If I were you, I would put the form validation code in a function that you would call like this:

// Get submitted form data

$result = validateForm({pass form data or get it directly via _POST in function});

// Print footer and other page info 

Then, "validateForm()" would issue any messages that need to be displayed. If it encounters a problem, it simply returns an error code to the main script (the caller) and the main script can decide what to do, as appropriate.

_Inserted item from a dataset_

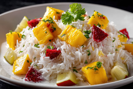 Coconut rice is beautifully presented with fresh mango, strawberries, and herbs, creating a colorful and appetizing dish that highlights tropical flavors and textures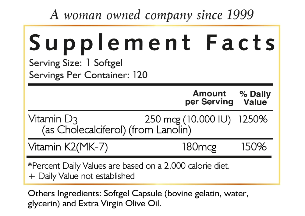 - Apoya la salud de los huesos y los dientes: las vitaminas D3 y K2 funcionan mejor juntas para la salud ósea

This way, the validation of the form data won't interfere with the mechanics of building and sending the complete HTML page to the browser.

Peace...


----------



## Mudley (Apr 7, 2008)

why not check all inputs at once?

here's usually how i go about form validation:
$errArr = array(); // empty array for holding error message

if(!isset($_POST['email']) || $_POST['email'] == '')
$err[] = "you must enter a valid email address";

if(!isset($_POST['name']) || $_POST['name'] == '')
$err[] = "you must enter a valid name";

// and then, after you've trapped all the inputs:
if(!count($errArr))
{
// your real form action goes here
$hideForm = true;
}
else {
// output errors
echo implode("
",$errArr);
}


----------



## tomdkat (May 6, 2006)

Mudley said:


> why not check all inputs at once?


I agree to a point but if he wanted to address each error individually, he's got to stop the checking and report the error.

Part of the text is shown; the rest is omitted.